I would however recommend instead of using the single iAPP deployment for deploying an internal and external vip i would separate them by using the iAPP twice and creating an LTM app for Internal and an APM app for External (just don't fill in the internal lan vip section on APM iAPP)

Just curious are you using Instant Clones or Linked Clones? a long time ago when i was working for VMware PSO i thought about creating a Powershell type script that would do the following

1) generate a new blast certificate from an internally trusted CA. 2) modify the registry point instead of showing IP would use DNS when using blast HTML5 protocol 3) swap the thumbprints from the self sign to the newly generated cert 4) restart the blast services to accept the new certificate.
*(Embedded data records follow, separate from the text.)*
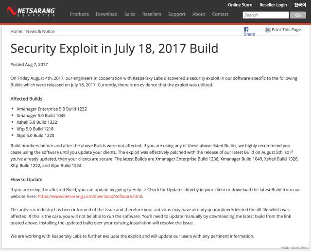 Xshell开发公司NetSarang发布公告称,2017年8月4日与卡巴斯基工程师发现Xshell软件中存在后门。黑客似乎入侵了相关开发人员的电脑,在源码植入后门,导致官方版本也受到影响。并且由于dll文件已有官方签名,众多杀毒软件依据白名单机制没有报毒。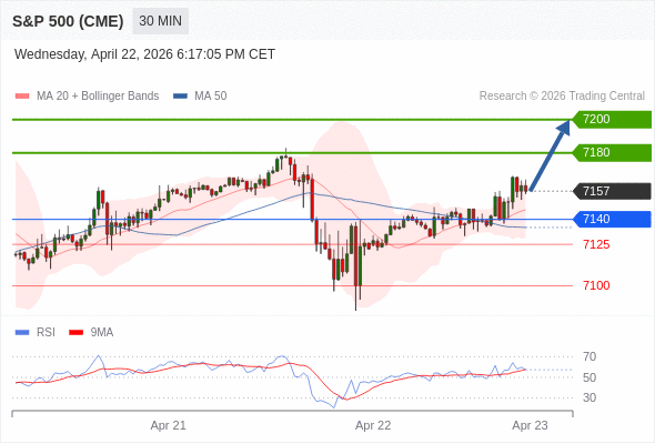 在 7140 之上,看涨,目标价位为 7180 ,然后为 7200 。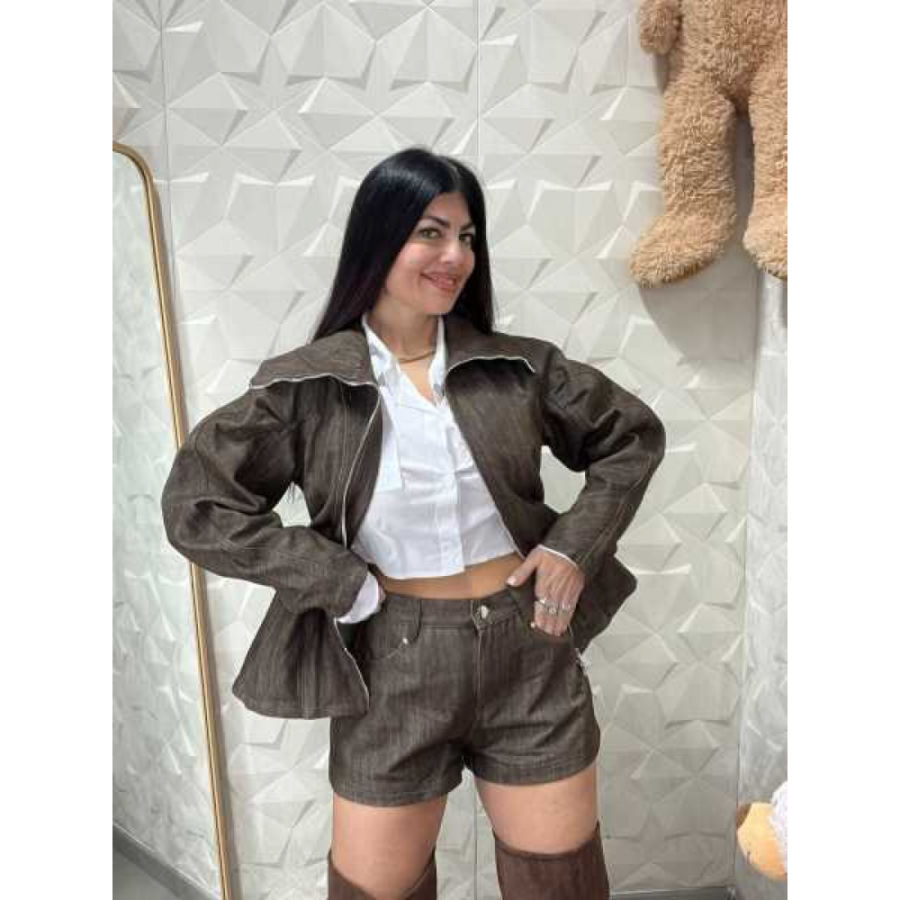 Shorts Coordinati: Taglio classico a vita alta, realizzati nello stesso lavaggio denim dark per un look coerente e slanciato.

I never did follow up on doing this but this would be the approximate way of doing this fix without the tunneling, the thing i would mention was based on the amount of certs created and depending on the type of VDI i would set the expiration of the cert to be a fixed date rather than the long lengthy 1-2 year approach. In this case i would also setup another subordinate CA behind the root to just handle these workloads.
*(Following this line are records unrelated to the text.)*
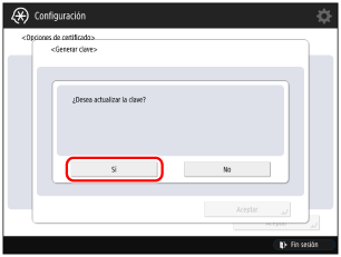 El par de claves se actualizará una vez reiniciado el dispositivo. Para obtener información sobre cómo reiniciar el dispositivo, consulte los manuales de instrucciones del dispositivo. |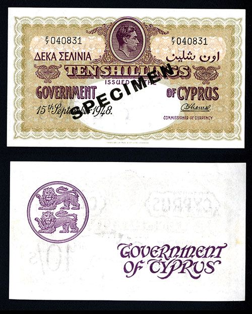 Cyprus, 1948, 10 Shillings, P-23 Unlisted Specimen banknote, King George VI at center top, Specimen overprint, normal S/N F/7 040831, Choice AU with one very light fold keeping this lovely note from CU condition.
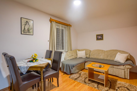 Sastoji se od dnevnog boravka sa ugaonom garniturom koja se rasklapa u udoban ležaj, u njegovom sklopu nalazi se kuhinja koja je opremljena za kraće i duže boravke i trpezarijski deo koji čine sto za ručavanje i stolice. Spavaća soba opremljena je sa velikim francuskim ležajem, dok je kupatilo opremljeno sa tuš kabinom. Iz spavaće sobe izlazi se na terasu sa prelepim pogledom koja ima sto i stolice za sedenje.

This was just another thought of how one could resolve this issue as well, the key of doing this would be creating a script having it in like c:\tools\script.whatever and having it run as a Post Sync Script on the instant/linked clones. Don't know if this approach would really fit your bill but it is something i thought of a long time ago that could resolve this issue, and i i wouldn't recommend the wildcard approach as its too dangerous b/c the key has to be exportable IIR.

Does that help?

Thanks Matt. I'll look at creating seperate iApps for my internal LTM and external APM users. The start of this excercise was to attempt to tidy my old config up and bring everything under a single iApp (currently I have 3!). Whilst this is now looking unlikely even bringing this down to two (relatively simple) configs is going to be an improvement. I'll sleep on it over the weekend and revist on Monday. Cheers.